We saw part of a Children's Folklore Festival on Friday night, and we went on a great hike up into the "Blue Rocks" on Saturday. It was a beautiful place to go hiking, and we treated ourselves to hot, freshly-baked bread at the top. To get back down, we used a chairlift. As I have never been snowskiing (something that I hope one day to rectify), I'd never used that type of chairlift before - where all your limbs are just hanging out in space. I'm pretty sure I've been on rides and things that are built on the same concept, but this was interesting. I loved it, but I got jittery whenever the chairs would shudder along the cable.
In the evening, we invited another volunteer over, and we had a wonderful night of Mexican food. We had salsa, guacamole, Spanish rice, beans, and tortilla chips. It was delicious. I think I could recreate it in my town - except for the guacamole and tortilla chips, unfortunately. I should have stolen the leftovers on my way out the door this morning.
My colleagues had a training workshop this weekend with the women's group, and I ran into them on the bus on the way home. They said the training went really well, and all the women had a good time. The training was about searching out and applying for funding. Maybe, in the future, the women's group can become an entity in its own right. That would be awesome.

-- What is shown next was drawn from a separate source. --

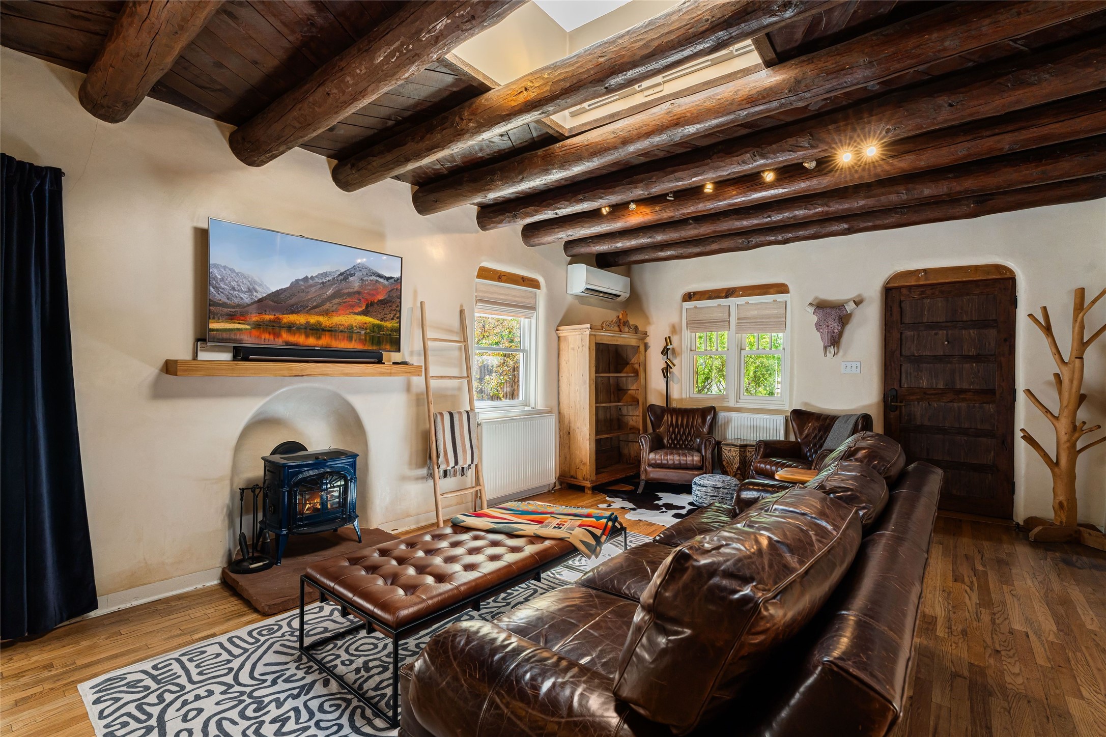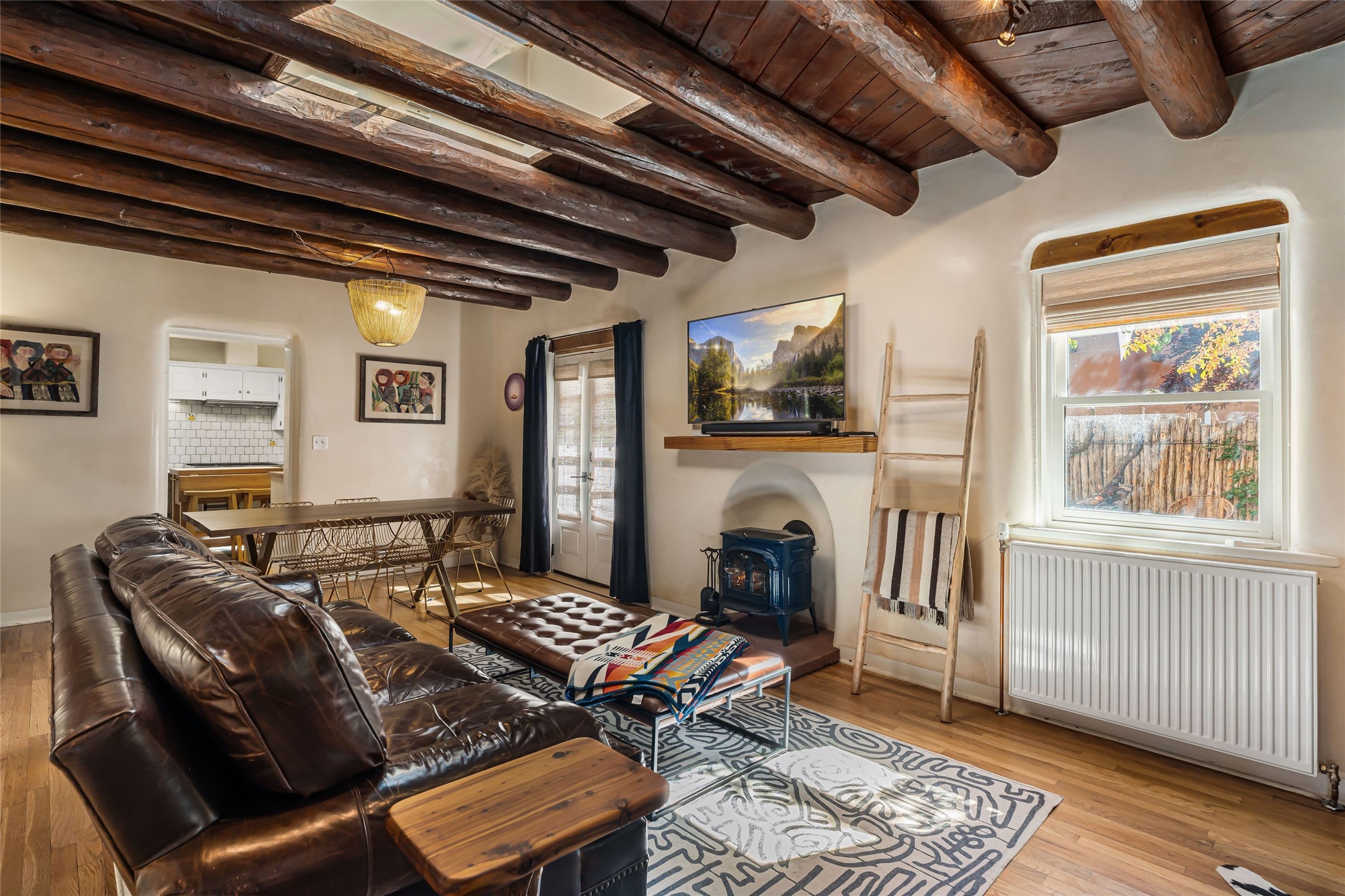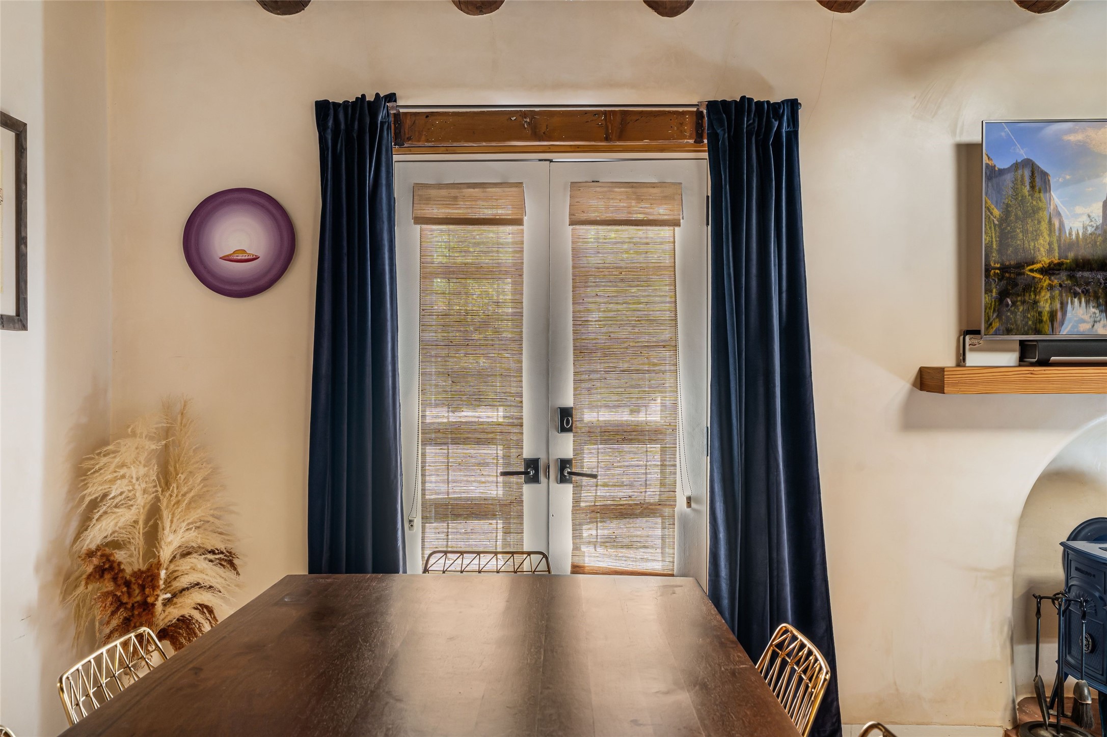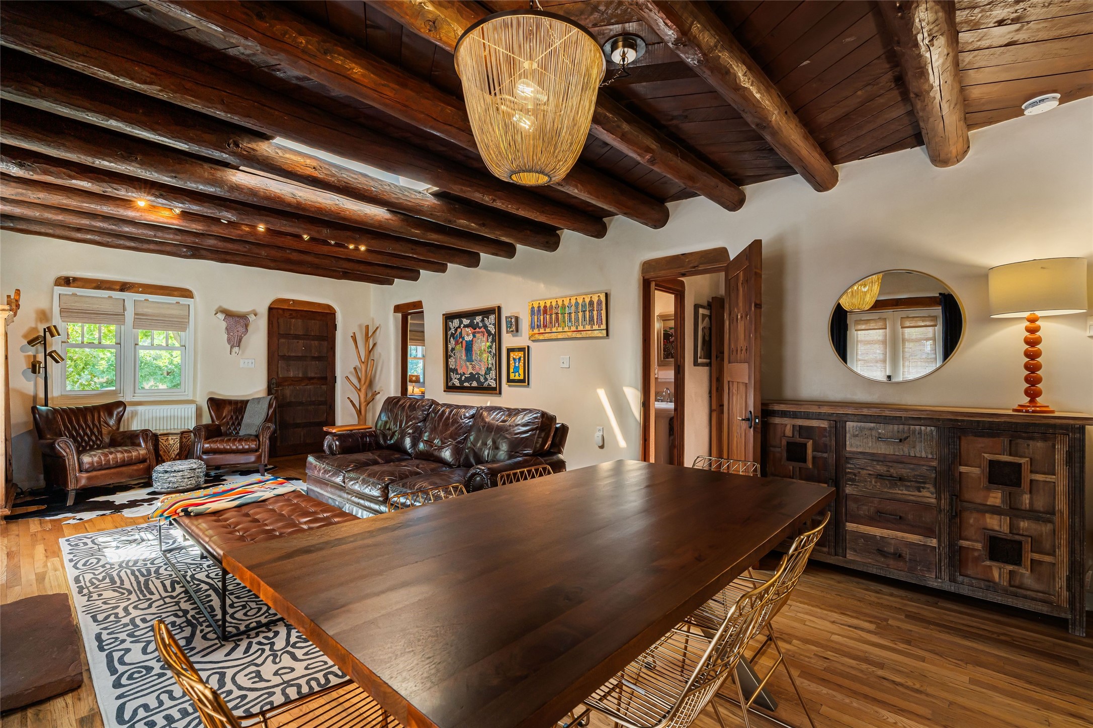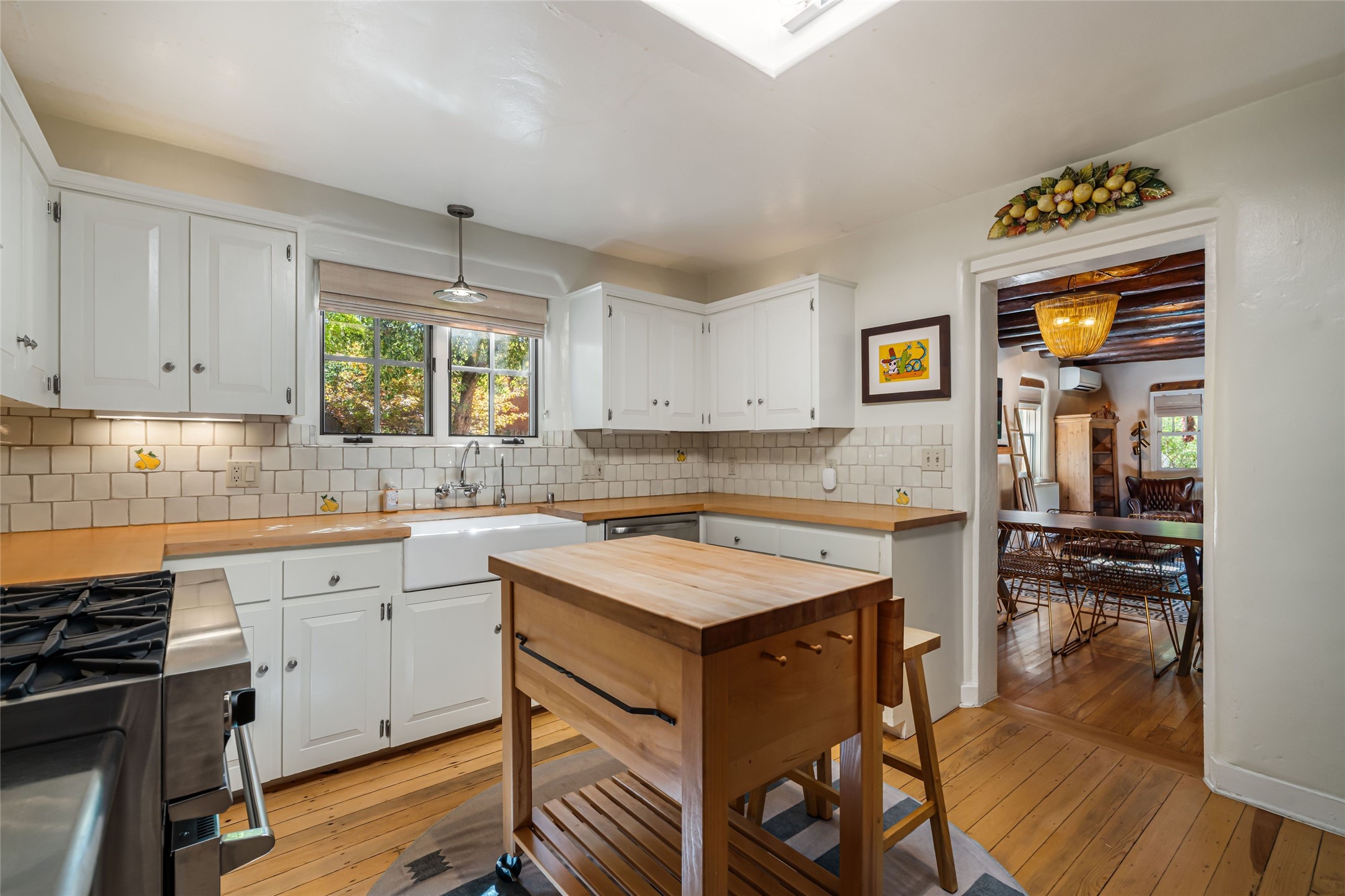 A rare Santa Fe gem - this adobe sanctuary on an oversized lot offers seamless indoor-outdoor living with a fully fenced wraparound yard. Stacked stone walls, wooden gates, a grapevine-covered arbor, and fragrant landscaped gardens create a serene setting where every window frames natural beauty. Inside, renovations preserve authentic adobe character while introducing a fresh, contemporary feel. Skylights brighten the kitchen, and the spacious great room with French doors to the courtyard is ideal for entertaining. The floor plan includes two bedrooms, a full bath, powder room, large laundry room, and a flexible study or dressing room off the primary suite. A private downstairs space provides additional storage or the opportunity for a refinished retreat. Nestled at the heart of the Railyard District, just blocks from Joseph's Pub, Mille, Dolina, Paloma, and minutes to the Plaza, this calming home combines timeless Santa Fe charm with modern updates and unbeatable location.
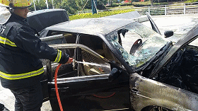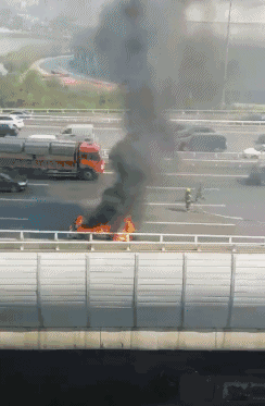 中隊指揮員立即下達任務,一名隊員配合維護好現(xiàn)場秩序,防止對旁邊的圍觀群眾造成傷害。為避免復燃及爆炸危險,滅火組隊員先將發(fā)動機蓋撬開,迅速出一支水槍對其進行冷卻降溫。在對事故車輛發(fā)動機與前輪胎煙霧進行壓制后,滅火組迅速轉(zhuǎn)戰(zhàn)駕駛室,對駕駛室內(nèi)起火點用水槍進行逐個擊破,4分鐘左右,全部起火點全部撲滅后,在確定無復燃可能性后,中隊指揮員將事故現(xiàn)場移交至警方。

Meanwhile, we've had a lot of work come through the office. It's a good thing, but it's also overwhelming for my colleagues. We heard on Friday that we've won another project. Some of my colleagues have been offered second jobs as well. Of course, they're tempted by the possiblity of making more money, but the workload is a killer. It's nice to have the opposite problem than the one we were facing just a few months ago - too little work. I think I mentioned (several posts back) that this would be a time of trial for my organization: they would either sink or swim. Well, they're practically walking on water. Thank God. But we need to hire more people and expand the office. I don't know if that's a possiblity at this point. Well, in a little over five months, I'll be freeing up some space. :) I don't think they're going to apply for another volunteer. I don't think that they need one. Yanko is still trying to tell me that I'll stay forever.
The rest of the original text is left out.